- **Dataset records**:
<<<<
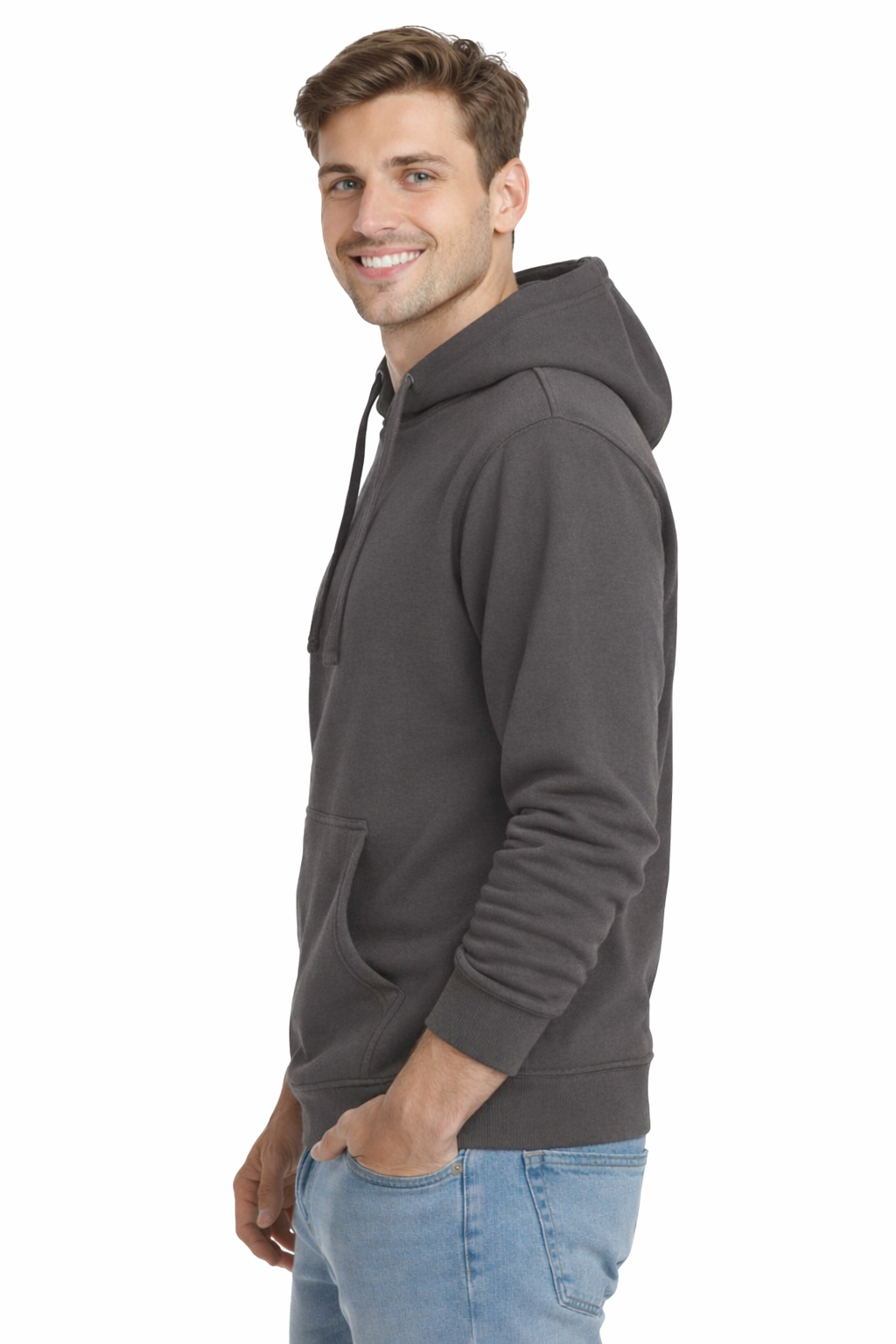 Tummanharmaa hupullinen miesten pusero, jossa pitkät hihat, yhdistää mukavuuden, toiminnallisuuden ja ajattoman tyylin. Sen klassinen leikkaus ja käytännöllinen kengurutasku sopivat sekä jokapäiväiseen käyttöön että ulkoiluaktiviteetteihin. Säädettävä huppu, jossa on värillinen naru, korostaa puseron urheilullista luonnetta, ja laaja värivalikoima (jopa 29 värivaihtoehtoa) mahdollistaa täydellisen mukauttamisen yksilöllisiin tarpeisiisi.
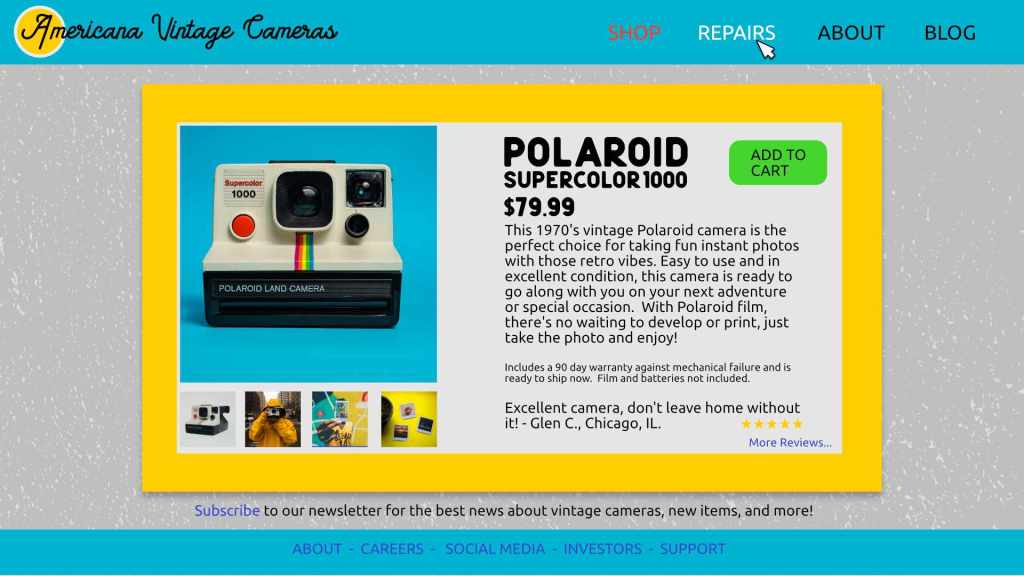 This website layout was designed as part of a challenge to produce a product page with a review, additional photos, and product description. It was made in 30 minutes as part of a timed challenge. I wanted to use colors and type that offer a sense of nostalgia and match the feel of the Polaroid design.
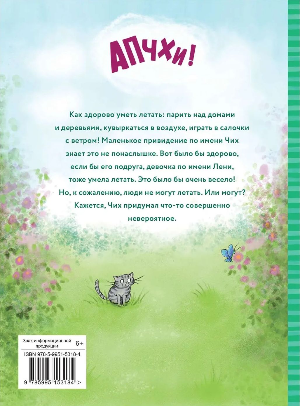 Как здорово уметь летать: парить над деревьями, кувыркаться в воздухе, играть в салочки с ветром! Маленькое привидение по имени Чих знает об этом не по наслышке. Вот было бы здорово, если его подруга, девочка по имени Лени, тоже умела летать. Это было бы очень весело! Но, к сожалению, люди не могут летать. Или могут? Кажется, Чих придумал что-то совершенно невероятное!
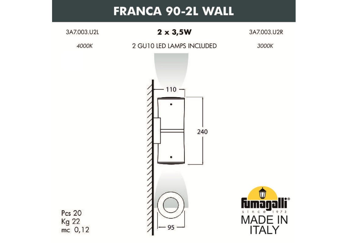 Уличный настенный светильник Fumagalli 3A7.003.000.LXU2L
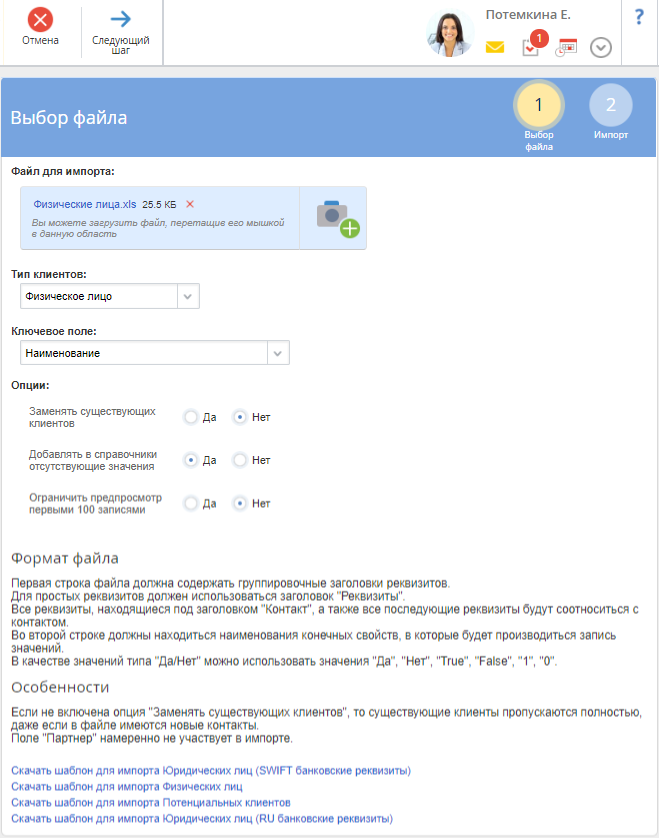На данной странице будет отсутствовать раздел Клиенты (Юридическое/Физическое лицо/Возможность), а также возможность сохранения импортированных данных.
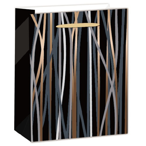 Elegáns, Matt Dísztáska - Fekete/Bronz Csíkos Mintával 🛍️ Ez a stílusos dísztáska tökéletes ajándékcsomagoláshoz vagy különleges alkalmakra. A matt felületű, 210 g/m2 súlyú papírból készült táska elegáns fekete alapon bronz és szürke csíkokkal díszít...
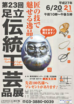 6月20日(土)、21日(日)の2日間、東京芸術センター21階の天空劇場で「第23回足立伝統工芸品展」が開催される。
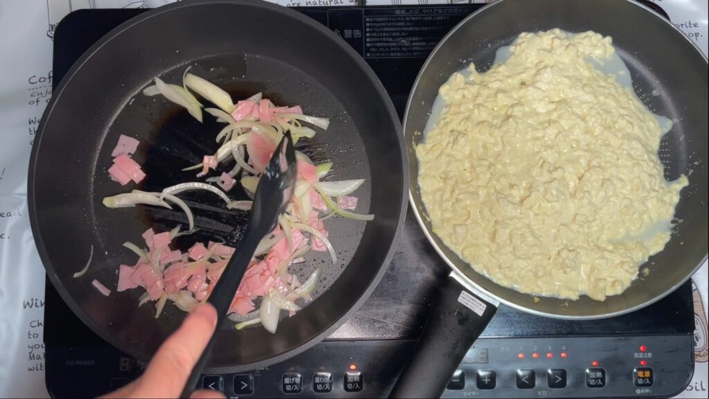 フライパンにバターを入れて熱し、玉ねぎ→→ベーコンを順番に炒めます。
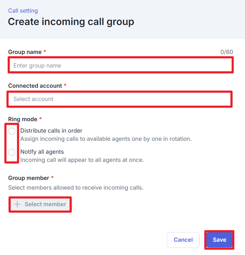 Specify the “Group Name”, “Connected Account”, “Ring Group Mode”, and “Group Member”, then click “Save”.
>>>>
- **Problem to work on**: Output all the records, word for word, with no pictures in the copy.

- **Finished exercise**:
 Tummanharmaa hupullinen miesten pusero, jossa pitkät hihat, yhdistää mukavuuden, toiminnallisuuden ja ajattoman tyylin. Sen klassinen leikkaus ja käytännöllinen kengurutasku sopivat sekä jokapäiväiseen käyttöön että ulkoiluaktiviteetteihin. Säädettävä huppu, jossa on värillinen naru, korostaa puseron urheilullista luonnetta, ja laaja värivalikoima (jopa 29 värivaihtoehtoa) mahdollistaa täydellisen mukauttamisen yksilöllisiin tarpeisiisi.
 This website layout was designed as part of a challenge to produce a product page with a review, additional photos, and product description. It was made in 30 minutes as part of a timed challenge. I wanted to use colors and type that offer a sense of nostalgia and match the feel of the Polaroid design.
 Как здорово уметь летать: парить над деревьями, кувыркаться в воздухе, играть в салочки с ветром! Маленькое привидение по имени Чих знает об этом не по наслышке. Вот было бы здорово, если его подруга, девочка по имени Лени, тоже умела летать. Это было бы очень весело! Но, к сожалению, люди не могут летать. Или могут? Кажется, Чих придумал что-то совершенно невероятное!
 Уличный настенный светильник Fumagalli 3A7.003.000.LXU2L
На данной странице будет отсутствовать раздел Клиенты (Юридическое/Физическое лицо/Возможность), а также возможность сохранения импортированных данных.
 Elegáns, Matt Dísztáska - Fekete/Bronz Csíkos Mintával 🛍️ Ez a stílusos dísztáska tökéletes ajándékcsomagoláshoz vagy különleges alkalmakra. A matt felületű, 210 g/m2 súlyú papírból készült táska elegáns fekete alapon bronz és szürke csíkokkal díszít...
 6月20日(土)、21日(日)の2日間、東京芸術センター21階の天空劇場で「第23回足立伝統工芸品展」が開催される。
 フライパンにバターを入れて熱し、玉ねぎ→→ベーコンを順番に炒めます。
 Specify the “Group Name”, “Connected Account”, “Ring Group Mode”, and “Group Member”, then click “Save”.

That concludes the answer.